# <center>Tabular Playground Series - May/2021<center>
## <center>Model Stacking using Logistic Regression as Meta-Learner<center>
---

Models used for stacking:
- [LightGBM](https://www.kaggle.com/jonaspalucibarbosa/tps05-21-lgbm-tuned-w-hyperopt)
- [Neural Network](https://www.kaggle.com/jonaspalucibarbosa/tps05-21-nn-with-keras-first-nn)
- KNN (w/Log Transformation and Standard Scaler applied to features)
- Logistic Regression (w/Log Transformation applied to features)
- Multinomial Naive Bayers (w/Log Transformation applied to features)
    

My other notebooks in this competition:
- [Tabular Playground Series - May/2021: LightGBM Tuned with Hyperopt](https://www.kaggle.com/jonaspalucibarbosa/tps05-21-lgbm-tuned-w-hyperopt)
- [Tabular Playground Series - May/2021: Neural Network with Keras](https://www.kaggle.com/jonaspalucibarbosa/tps05-21-nn-with-keras-first-nn)    

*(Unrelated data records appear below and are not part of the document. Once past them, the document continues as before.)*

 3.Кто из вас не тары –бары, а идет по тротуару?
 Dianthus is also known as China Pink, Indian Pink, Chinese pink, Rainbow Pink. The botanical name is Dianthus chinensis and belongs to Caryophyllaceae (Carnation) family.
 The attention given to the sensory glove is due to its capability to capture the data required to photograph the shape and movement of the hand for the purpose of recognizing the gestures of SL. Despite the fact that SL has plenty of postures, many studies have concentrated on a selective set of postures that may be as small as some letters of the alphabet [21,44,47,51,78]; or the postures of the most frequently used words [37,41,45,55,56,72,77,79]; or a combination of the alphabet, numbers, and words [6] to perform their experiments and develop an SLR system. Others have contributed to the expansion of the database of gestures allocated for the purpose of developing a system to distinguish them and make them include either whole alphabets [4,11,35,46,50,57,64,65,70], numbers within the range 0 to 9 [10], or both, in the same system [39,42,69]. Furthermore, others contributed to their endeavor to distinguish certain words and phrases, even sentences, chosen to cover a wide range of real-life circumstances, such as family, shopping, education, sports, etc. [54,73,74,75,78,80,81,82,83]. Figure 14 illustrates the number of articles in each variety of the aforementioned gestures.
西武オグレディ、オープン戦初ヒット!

## Importing Libraries and Datasets

In [None]:
import pandas as pd       
import matplotlib as mat
import matplotlib.pyplot as plt    
import numpy as np
import seaborn as sns
%matplotlib inline

from sklearn.model_selection import train_test_split
from sklearn import metrics
from sklearn.pipeline import Pipeline
from sklearn.model_selection import cross_val_score
from sklearn.model_selection import StratifiedKFold
from sklearn.preprocessing import LabelEncoder
from sklearn.preprocessing import StandardScaler

#from lightgbm import LGBMClassifier
from sklearn.linear_model import LogisticRegression

In [None]:
df_train = pd.read_csv('../input/tabular-playground-series-may-2021/train.csv', index_col = 'id')
Y_train = df_train['target'].copy()
X_train = df_train.copy().drop('target', axis = 1)

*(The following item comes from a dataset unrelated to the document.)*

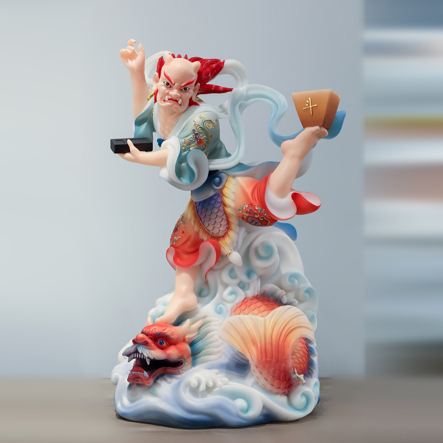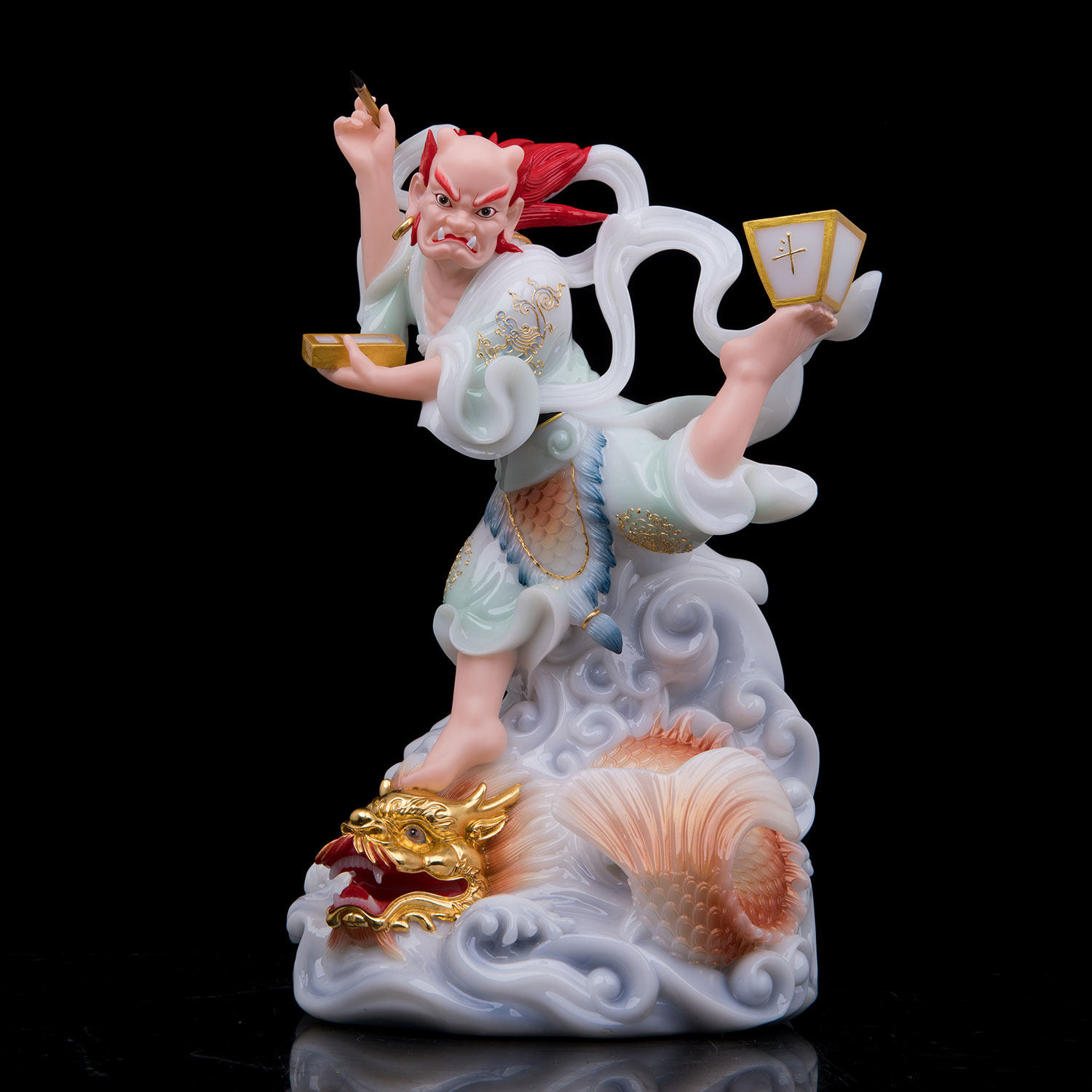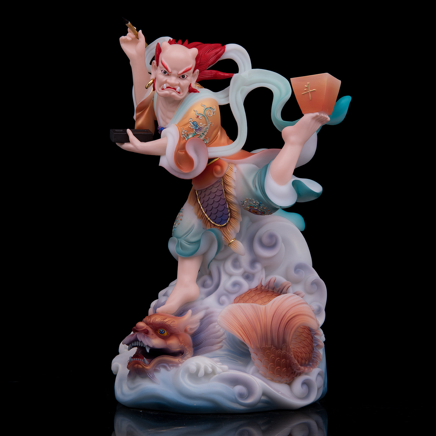 📚 魁星点斗摆件魁星踢斗文曲星汉白玉彩绘文魁夫子神像家用书房摆件

X_test = pd.read_csv('../input/tabular-playground-series-may-2021/test.csv', index_col = 'id')

In [None]:
oof_lgb = pd.read_csv("../input/tps05-21-lgbm-tuned-w-hyperopt/lgbm_train_oof.csv")
test_lgb = pd.read_csv("../input/tps05-21-lgbm-tuned-w-hyperopt/submission.csv", index_col = 'id')

oof_knn = pd.read_csv("../input/tps05-21-knn/knn_train_oof.csv")
test_knn = pd.read_csv("../input/tps05-21-knn/submission.csv", index_col = 'id')

oof_nn = pd.read_csv("../input/tps05-21-nn-with-keras-first-nn/nn_train_oof.csv")
test_nn = pd.read_csv("../input/tps05-21-nn-with-keras-first-nn/submission.csv", index_col = 'id')

oof_lr = pd.read_csv("../input/tps05-21-logistic-regression/lr_train_oof.csv")
test_lr = pd.read_csv("../input/tps05-21-logistic-regression/submission.csv", index_col = 'id')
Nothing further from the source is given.